Starting at the line that contains "You can control", reproduce every line through the end of the entries below, with no pictures in the copy.

- Stored records -
========

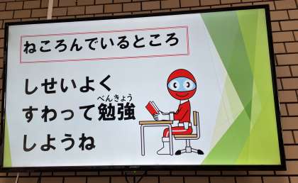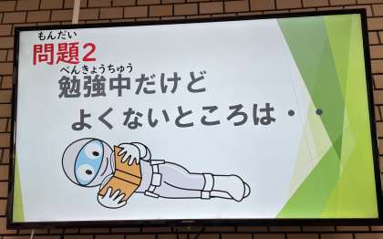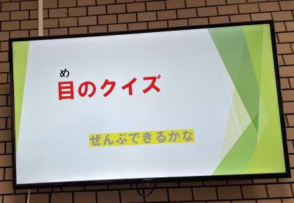 学校の玄関のところに、「目のクイズ」の動画が流れています。
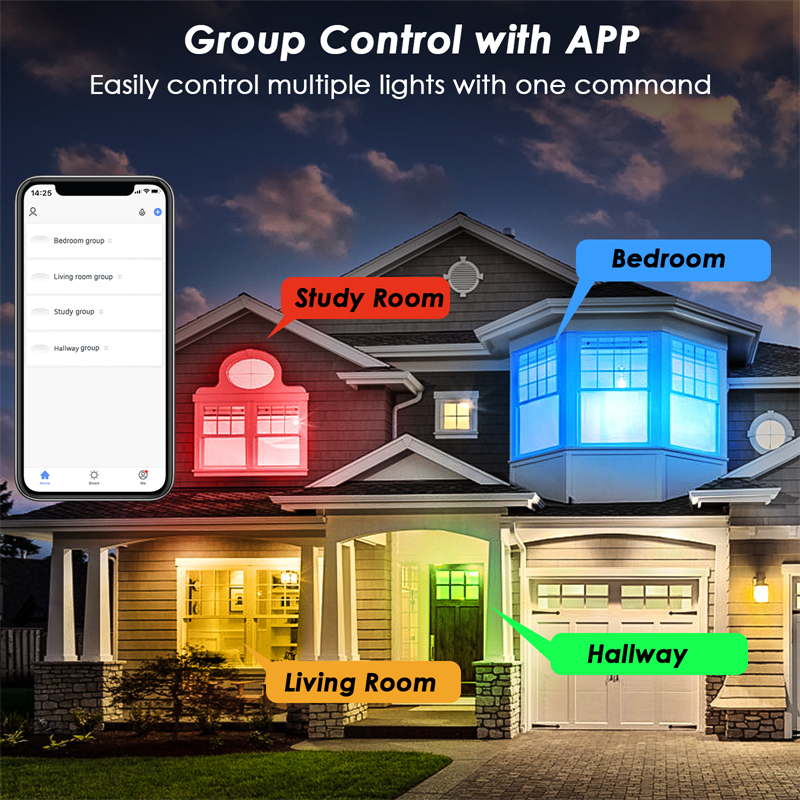 You can control each light individually or group lights together so that you can brighten, dim, change color, turn on and turn off your lights simultaneously.
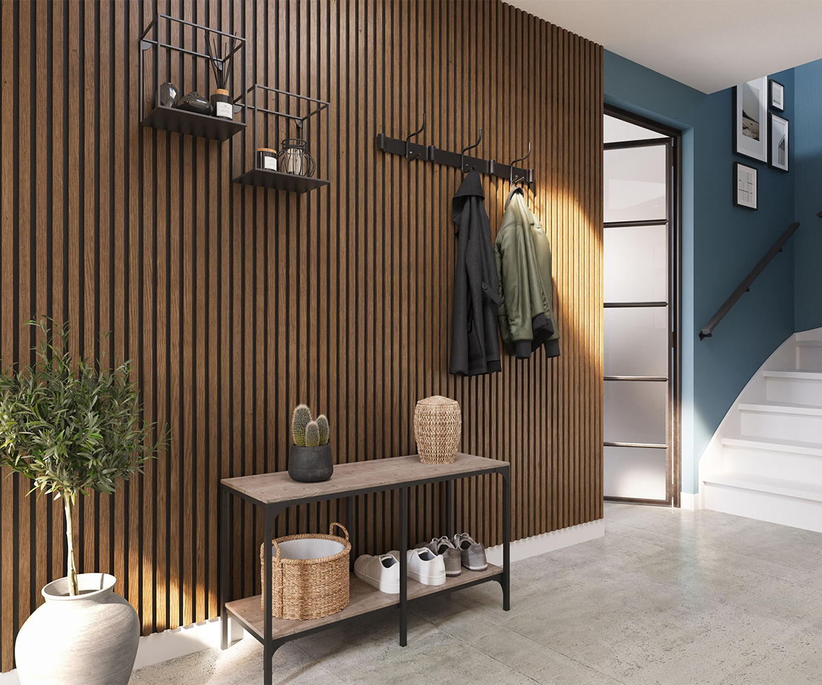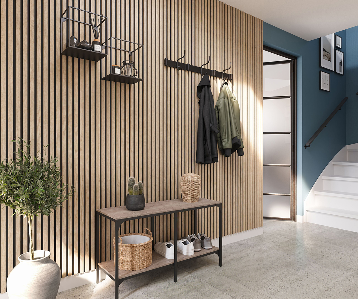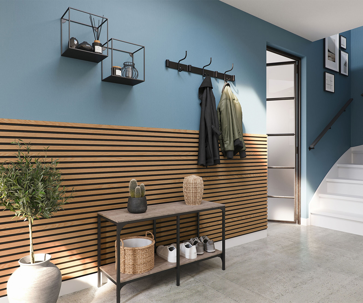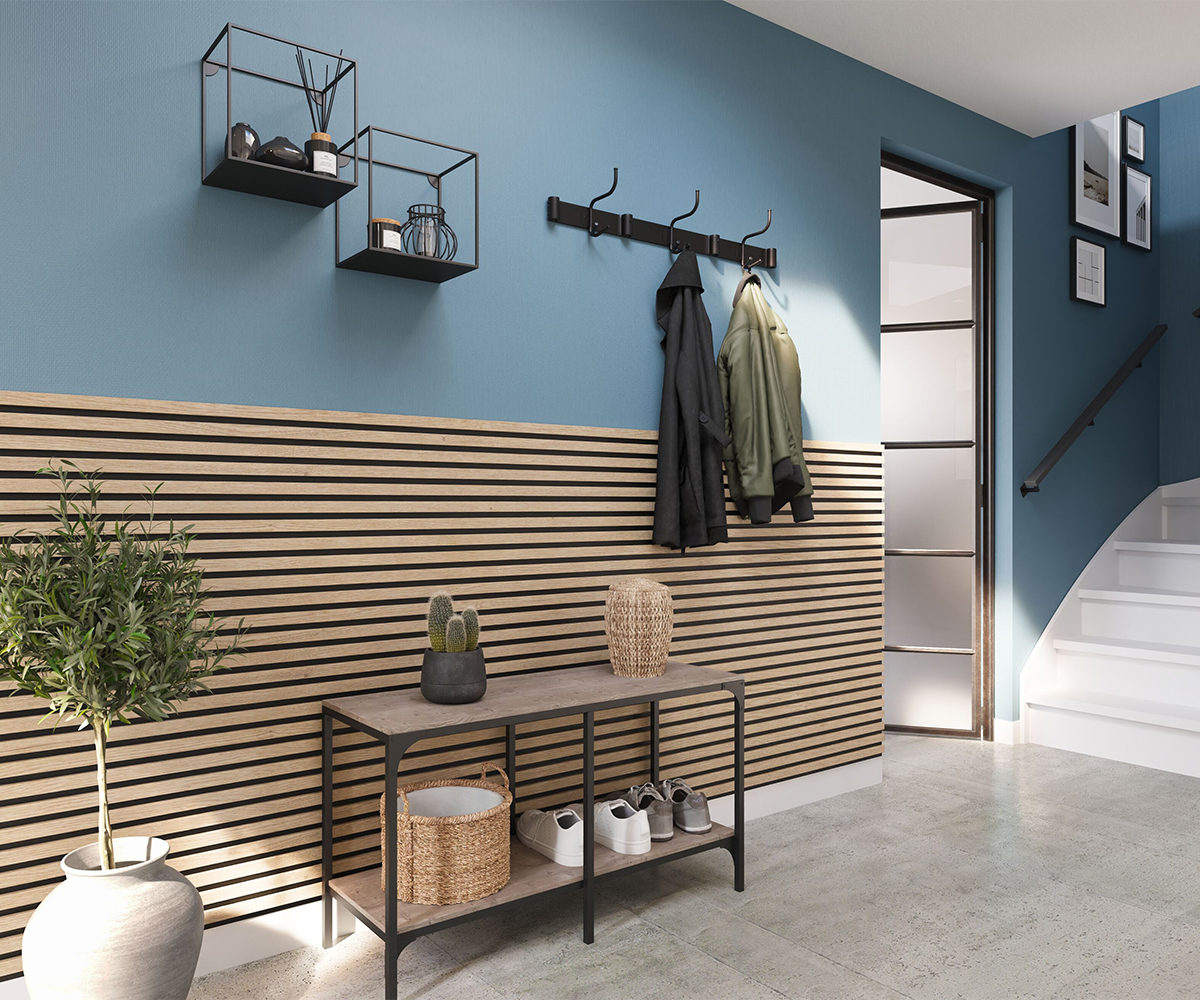 KERMOS acoustic panels add stylish accents to any room in no time at all. The modern wood-effect elements transform rooms into cosy retreats, visually separate the home office area from the living area or enhance the appearance of the entrance area.
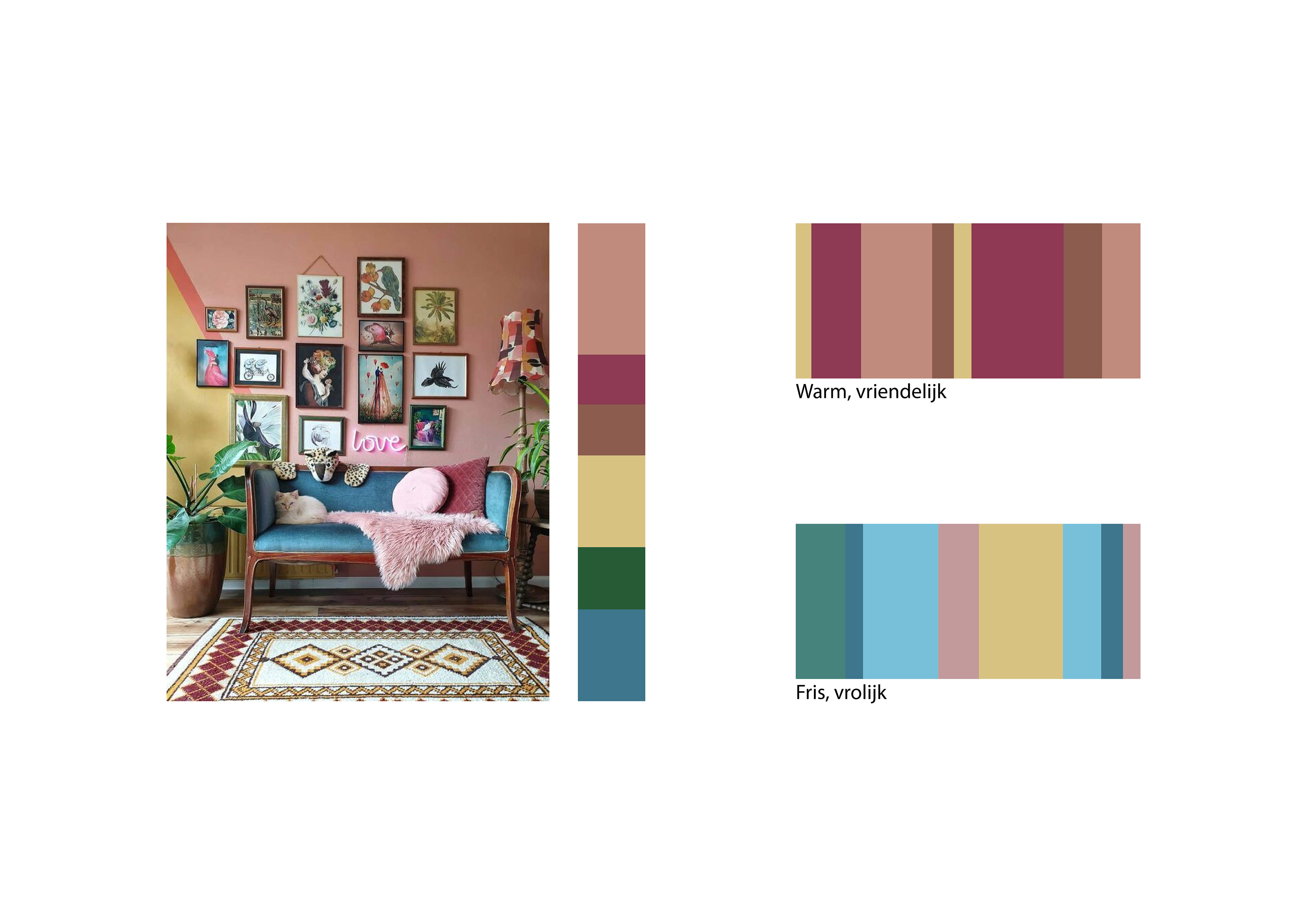 Voor dit interieur heb ik het kleurenpalet 'warm, vriendelijk' gebruikt. Dit zie je terug door de warme roze tinten en de pilaren die geel zijn gemaakt. De houten vloer maakt de ruimte ook al een stuk warmer.
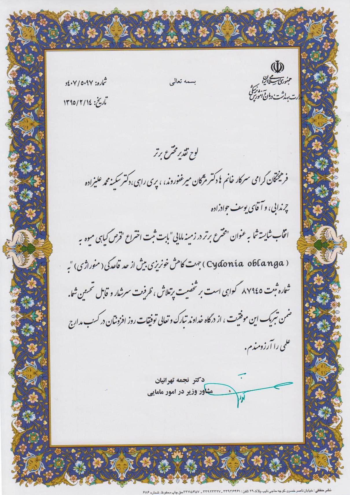 دریافت لوح تقدیر مخترع برتر در زمینه مامایی
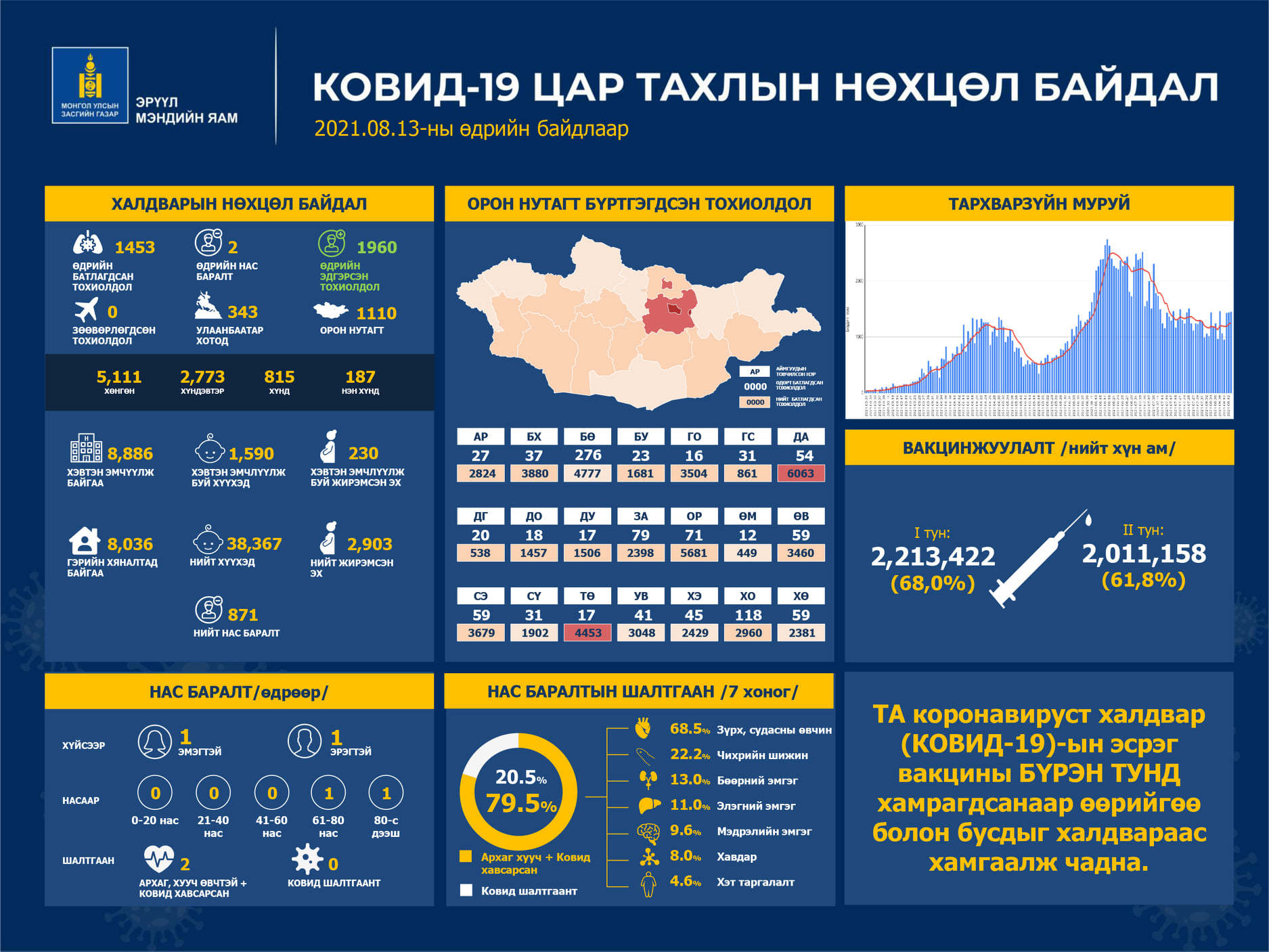 ЭМЯ-наас коронавирусийн халдварын нөхцөл байдлын мэдээллийг гаргажээ. Энэ өдөр шинээр 1453 тохиолдол бүртгэгджээ. Шинээр батлагдсан тохиолдлын 343 нь Улаанбаатар хотод, 1110 нь орон нутагт, байна. Мөн хугацаанд халдварын улмаас орон нутагт хоёр хүн нас баржээ. Түүнчлэн сүүлийн 24 цагийн хугацаанд 1960 хүн эдгэрлээ.

========

- Task result -
 You can control each light individually or group lights together so that you can brighten, dim, change color, turn on and turn off your lights simultaneously.
 KERMOS acoustic panels add stylish accents to any room in no time at all. The modern wood-effect elements transform rooms into cosy retreats, visually separate the home office area from the living area or enhance the appearance of the entrance area.
 Voor dit interieur heb ik het kleurenpalet 'warm, vriendelijk' gebruikt. Dit zie je terug door de warme roze tinten en de pilaren die geel zijn gemaakt. De houten vloer maakt de ruimte ook al een stuk warmer.
 دریافت لوح تقدیر مخترع برتر در زمینه مامایی
 ЭМЯ-наас коронавирусийн халдварын нөхцөл байдлын мэдээллийг гаргажээ. Энэ өдөр шинээр 1453 тохиолдол бүртгэгджээ. Шинээр батлагдсан тохиолдлын 343 нь Улаанбаатар хотод, 1110 нь орон нутагт, байна. Мөн хугацаанд халдварын улмаас орон нутагт хоёр хүн нас баржээ. Түүнчлэн сүүлийн 24 цагийн хугацаанд 1960 хүн эдгэрлээ.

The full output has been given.